■ **What you have to do**: Below is some data. Retype exactly the lines starting at the one with "Греем масло и" and ending at the one with "Vorraum, Küche, 3".

■ **Data excerpts**:
=-=-=-=-=

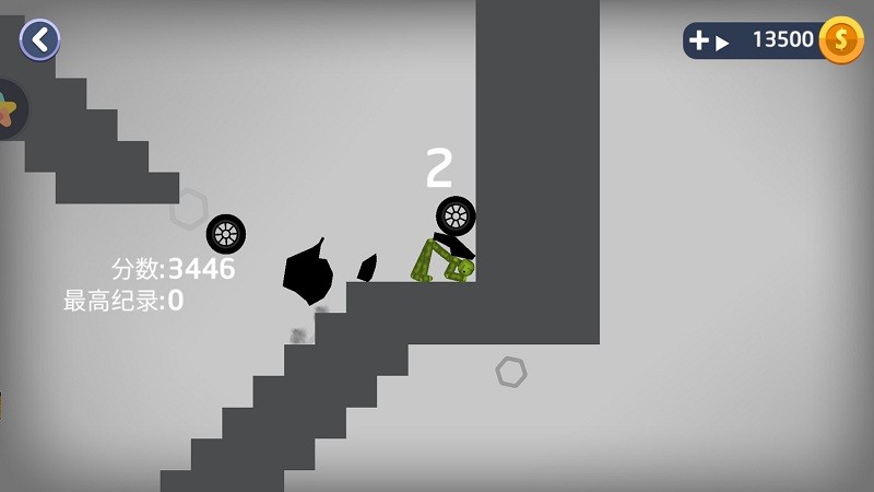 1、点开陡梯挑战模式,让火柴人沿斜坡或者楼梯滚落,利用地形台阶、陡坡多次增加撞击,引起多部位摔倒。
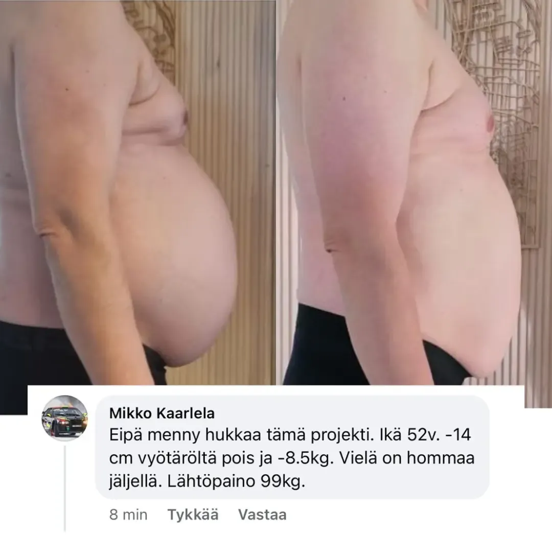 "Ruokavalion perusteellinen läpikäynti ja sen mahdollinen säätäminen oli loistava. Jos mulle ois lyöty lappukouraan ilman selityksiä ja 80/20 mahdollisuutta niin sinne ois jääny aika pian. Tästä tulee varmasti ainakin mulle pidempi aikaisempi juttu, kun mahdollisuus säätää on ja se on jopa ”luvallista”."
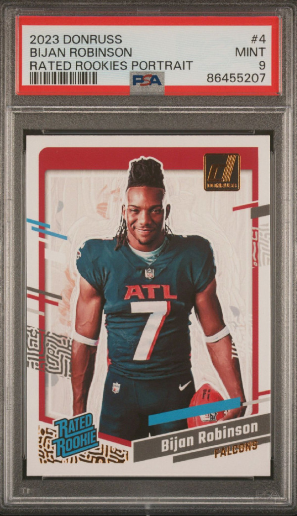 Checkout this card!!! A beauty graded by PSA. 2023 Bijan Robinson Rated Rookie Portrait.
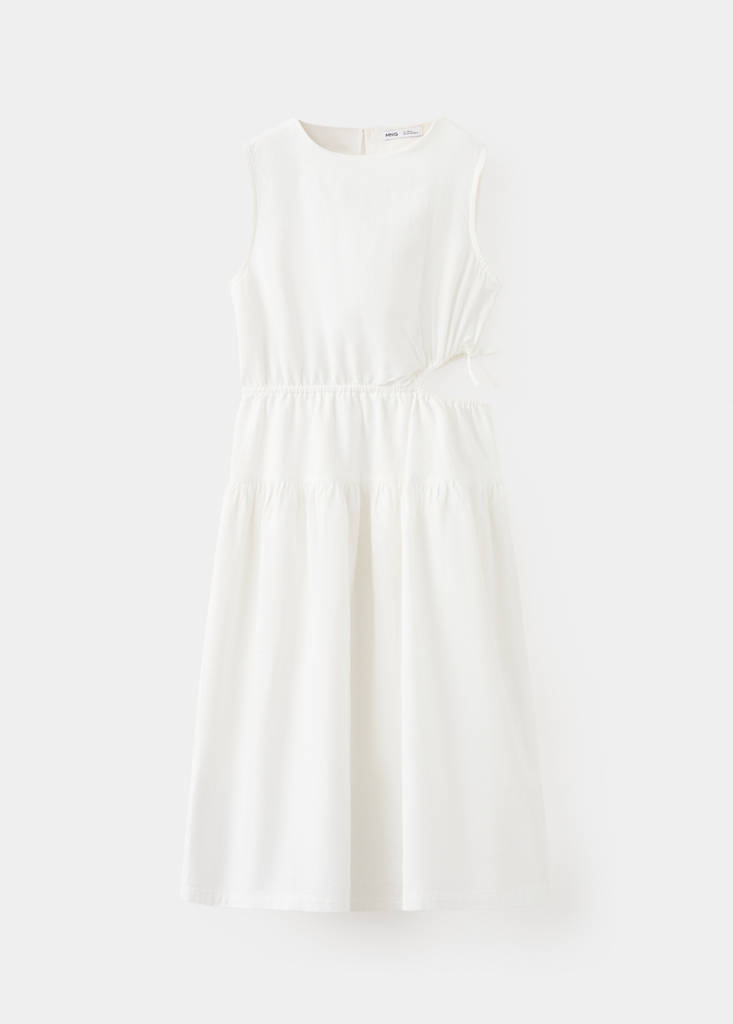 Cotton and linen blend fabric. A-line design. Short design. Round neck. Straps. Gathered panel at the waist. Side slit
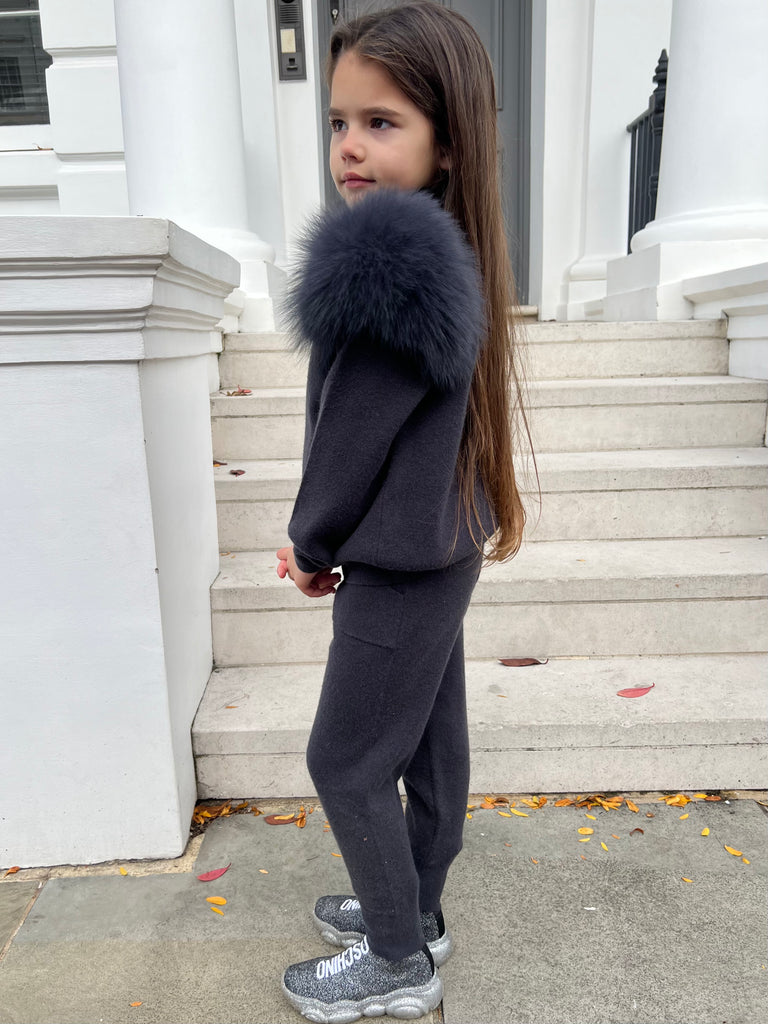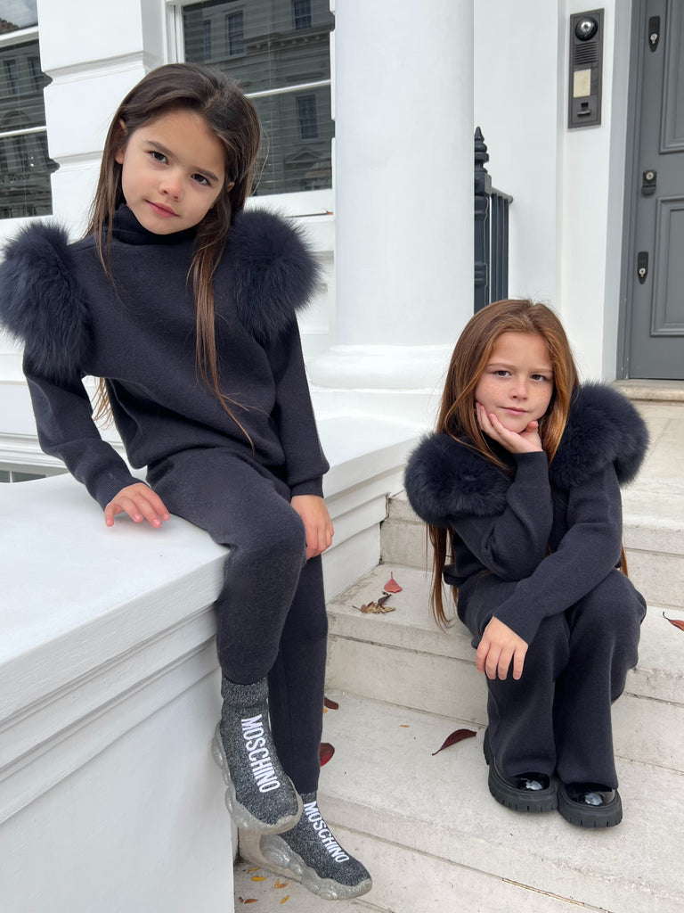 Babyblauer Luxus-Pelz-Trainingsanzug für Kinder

=-=-=-=-=

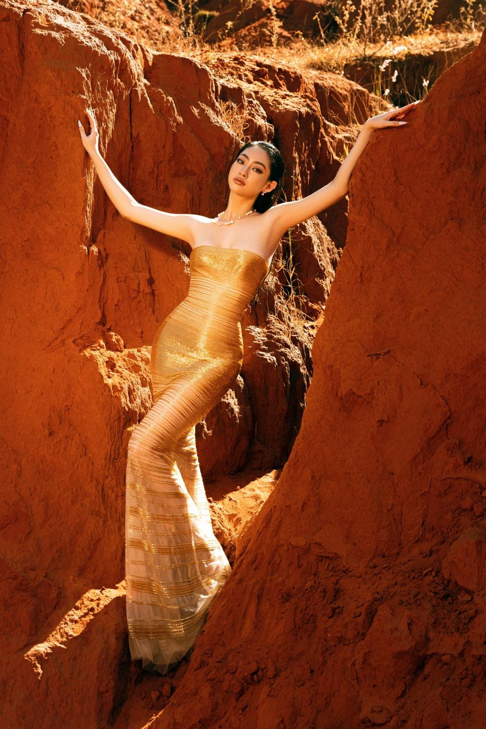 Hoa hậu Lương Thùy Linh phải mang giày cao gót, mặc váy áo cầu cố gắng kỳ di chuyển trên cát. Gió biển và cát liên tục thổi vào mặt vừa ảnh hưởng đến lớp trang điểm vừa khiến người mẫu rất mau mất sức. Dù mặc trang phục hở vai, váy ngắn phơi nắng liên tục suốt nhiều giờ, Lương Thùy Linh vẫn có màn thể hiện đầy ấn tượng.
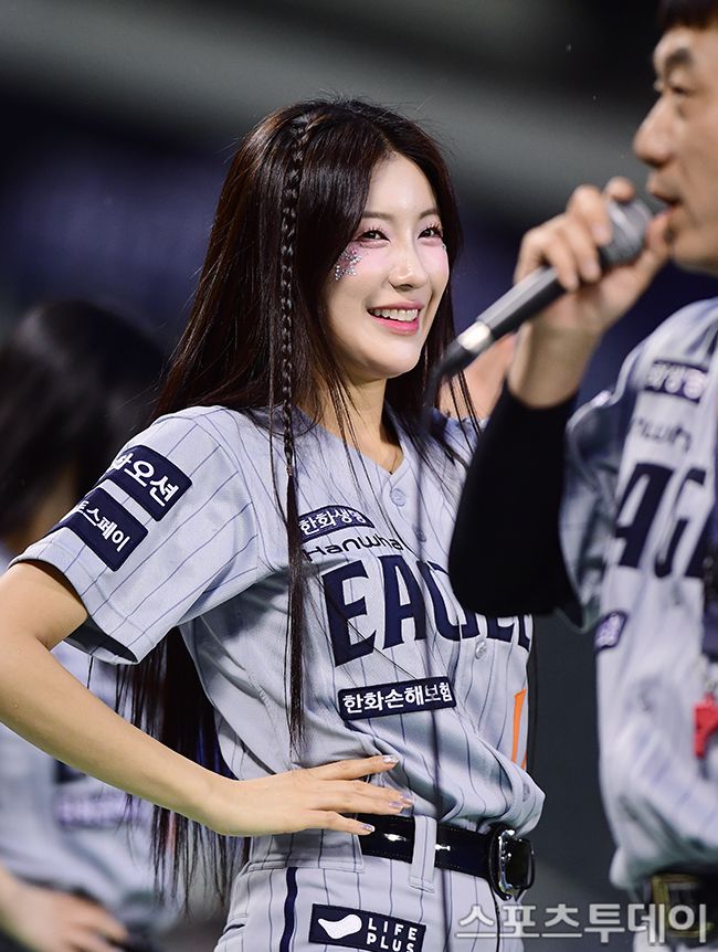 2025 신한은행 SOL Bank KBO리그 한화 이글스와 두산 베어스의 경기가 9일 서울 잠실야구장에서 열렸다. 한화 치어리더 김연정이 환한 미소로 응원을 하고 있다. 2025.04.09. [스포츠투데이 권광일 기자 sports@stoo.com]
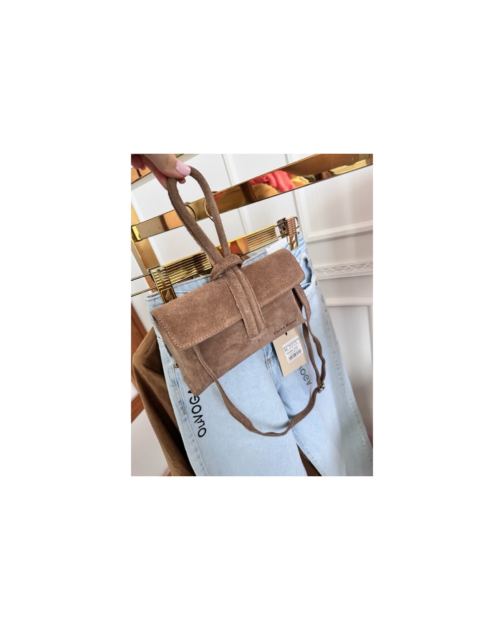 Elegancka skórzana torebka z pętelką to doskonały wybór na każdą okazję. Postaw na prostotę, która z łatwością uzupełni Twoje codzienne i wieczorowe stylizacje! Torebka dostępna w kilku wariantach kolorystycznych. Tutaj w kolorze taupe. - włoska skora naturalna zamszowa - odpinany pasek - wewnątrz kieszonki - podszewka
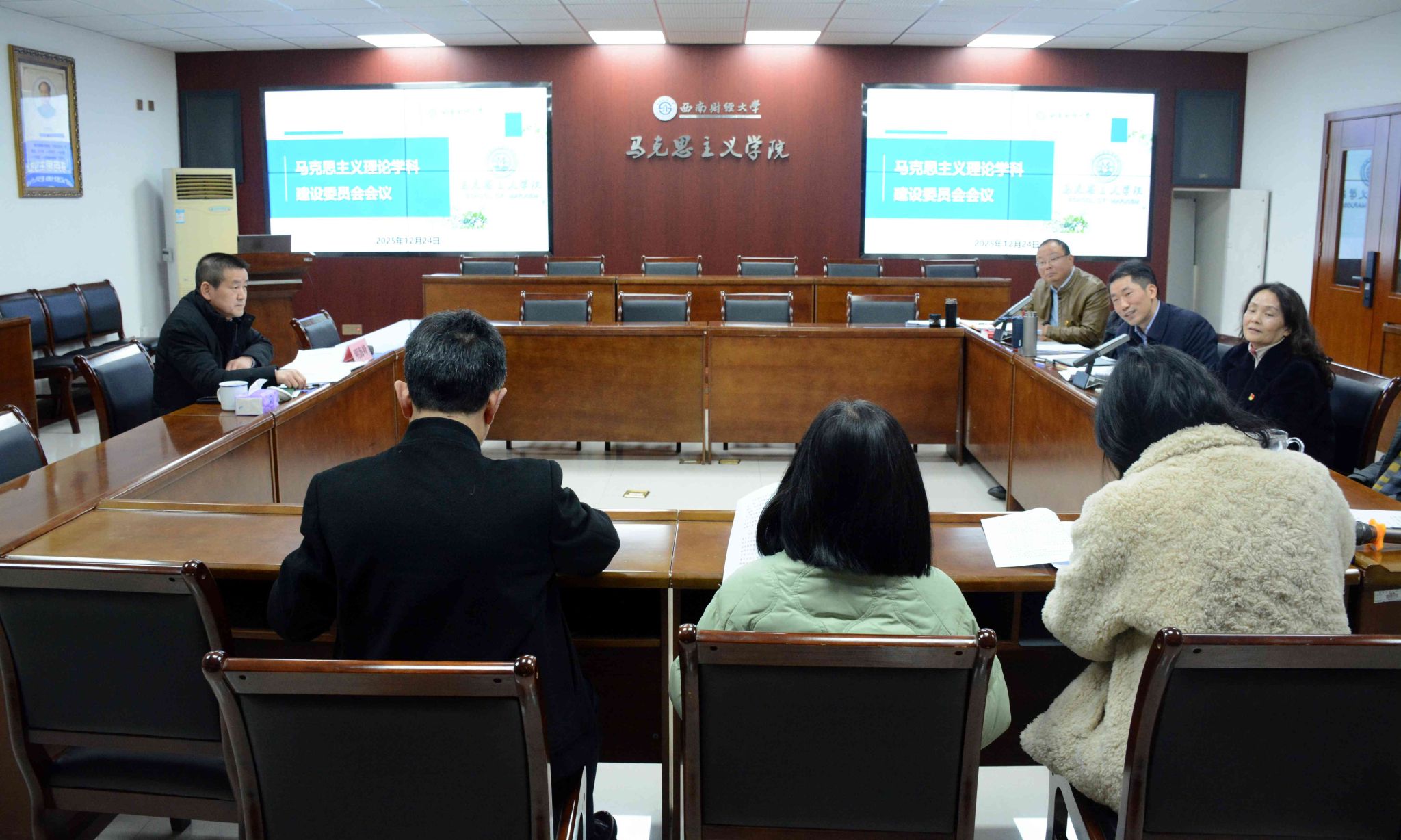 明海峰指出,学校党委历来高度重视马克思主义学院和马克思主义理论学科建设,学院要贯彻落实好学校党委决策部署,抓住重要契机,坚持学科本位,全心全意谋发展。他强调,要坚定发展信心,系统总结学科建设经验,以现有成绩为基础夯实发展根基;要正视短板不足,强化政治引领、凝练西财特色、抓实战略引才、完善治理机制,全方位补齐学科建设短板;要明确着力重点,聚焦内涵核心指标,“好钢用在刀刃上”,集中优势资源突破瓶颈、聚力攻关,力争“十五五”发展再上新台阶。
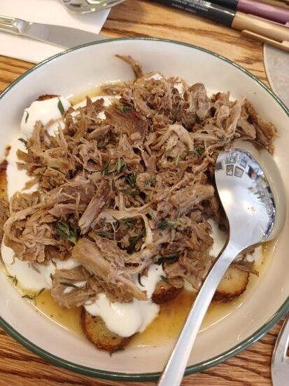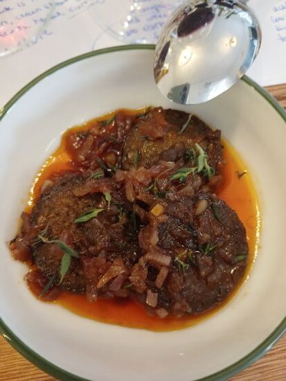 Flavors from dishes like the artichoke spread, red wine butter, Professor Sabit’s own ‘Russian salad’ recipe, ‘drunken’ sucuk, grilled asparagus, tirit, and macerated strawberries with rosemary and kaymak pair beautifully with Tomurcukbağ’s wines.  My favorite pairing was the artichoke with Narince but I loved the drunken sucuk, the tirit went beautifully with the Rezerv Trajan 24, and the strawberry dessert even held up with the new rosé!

=-=-=-=-=

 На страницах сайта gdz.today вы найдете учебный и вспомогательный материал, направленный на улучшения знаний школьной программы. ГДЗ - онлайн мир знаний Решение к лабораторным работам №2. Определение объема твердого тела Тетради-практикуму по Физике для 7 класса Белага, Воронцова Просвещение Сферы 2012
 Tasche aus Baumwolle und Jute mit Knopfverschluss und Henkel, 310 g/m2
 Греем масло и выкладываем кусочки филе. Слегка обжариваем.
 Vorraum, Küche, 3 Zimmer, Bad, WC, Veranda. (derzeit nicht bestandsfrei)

=-=-=-=-=

■ **Exercise output**:
 Греем масло и выкладываем кусочки филе. Слегка обжариваем.
 Vorraum, Küche, 3 Zimmer, Bad, WC, Veranda. (derzeit nicht bestandsfrei)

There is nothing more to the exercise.